JP2792445B2 - Hot rolling method for preventing steel sheet from rolling around four edges - Google Patents

Description

DETAILED DESCRIPTION OF THE INVENTION

[0001]

BACKGROUND OF THE INVENTION 1. Field of the Invention The present invention relates to a hot rolling method capable of reducing four-period defects on a hot metal plate such as a thick steel plate.

[0002]

2. Description of the Related Art For example, in plate rolling, a forming and rolling process in which a material to be rolled is rolled several times in a longitudinal direction, and a material to be rolled is rotated by 90 °.
A tentering rolling step of rolling and rolling to a predetermined width (= product width + ear allowance); and a finish rolling for rolling a material to be rolled by 90 ° and rolling in the longitudinal direction to obtain a predetermined thickness and length. It consists of three steps.

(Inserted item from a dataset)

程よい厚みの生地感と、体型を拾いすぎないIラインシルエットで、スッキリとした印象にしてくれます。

[0003] In such a thick plate rolling, a seam flaw (edge crack) which is continuous in the longitudinal direction is generated in a product after rolling, for example, at a position 20 mm from the end face of the material to be rolled. If there is a flaw, there is a problem that an extra ear margin is required and the yield is reduced.

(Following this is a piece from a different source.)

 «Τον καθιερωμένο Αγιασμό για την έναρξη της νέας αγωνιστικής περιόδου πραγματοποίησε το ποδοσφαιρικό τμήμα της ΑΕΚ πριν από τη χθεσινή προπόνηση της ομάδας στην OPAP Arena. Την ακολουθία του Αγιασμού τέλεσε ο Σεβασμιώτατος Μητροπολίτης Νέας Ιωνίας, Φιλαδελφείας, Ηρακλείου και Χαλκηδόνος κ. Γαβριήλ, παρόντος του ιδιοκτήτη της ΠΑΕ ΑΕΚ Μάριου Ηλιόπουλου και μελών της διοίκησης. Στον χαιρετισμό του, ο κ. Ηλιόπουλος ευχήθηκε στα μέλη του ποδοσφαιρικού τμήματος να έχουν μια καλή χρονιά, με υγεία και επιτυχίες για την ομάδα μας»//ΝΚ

[0004] Such seam flaws are due to the fact that wrinkles formed on the end face of the material to be rolled in the previous step appear on the surface of the material to be rolled during reversible rolling in tentering rolling, and this is caused by the fact that it is rolled in the next step. Formed. Conventionally, the following method has been proposed as a technique for preventing the occurrence of the seam flaw.

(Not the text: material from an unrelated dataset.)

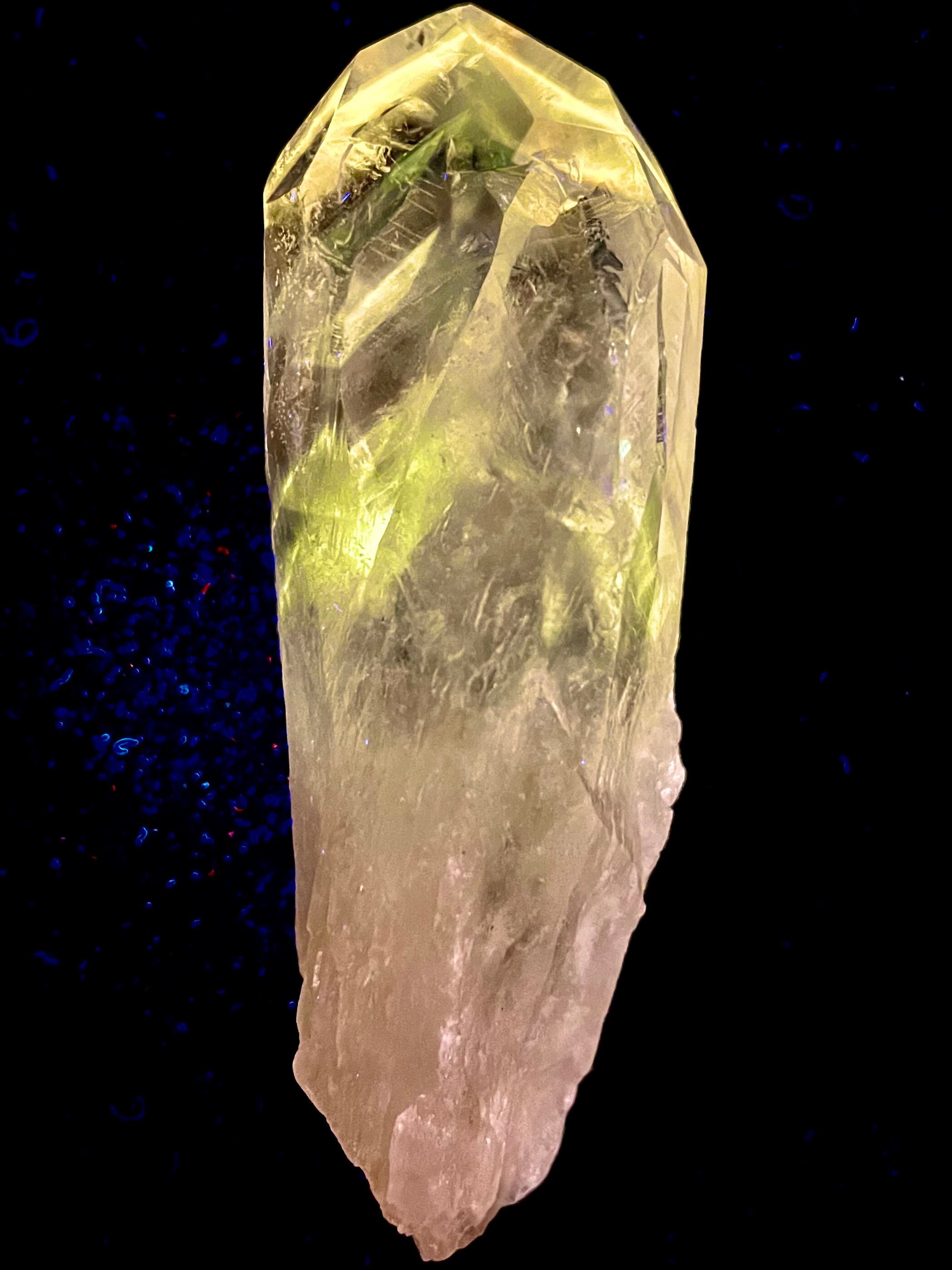 蛍光特性により高次元との繋がりが増幅され、瞑想やスピリットガイド・ハイヤーセルフからのメッセージ受容に極めて有効な補助となります。

[0005] In this method, the four side ridges of the material to be rolled are cut at an appropriate volume ratio and rolled to eliminate the curvature of the end face of the material to be rolled.

[0006] Japanese Patent Application Laid-Open No. 56-19908 discloses a method in which after rolling under light pressure, the material to be rolled is reduced to 90%.
This is a method of performing initial tentative rolling under light pressure in which only the surface layer of the material to be rolled is extended by rolling to prevent the occurrence of flaws.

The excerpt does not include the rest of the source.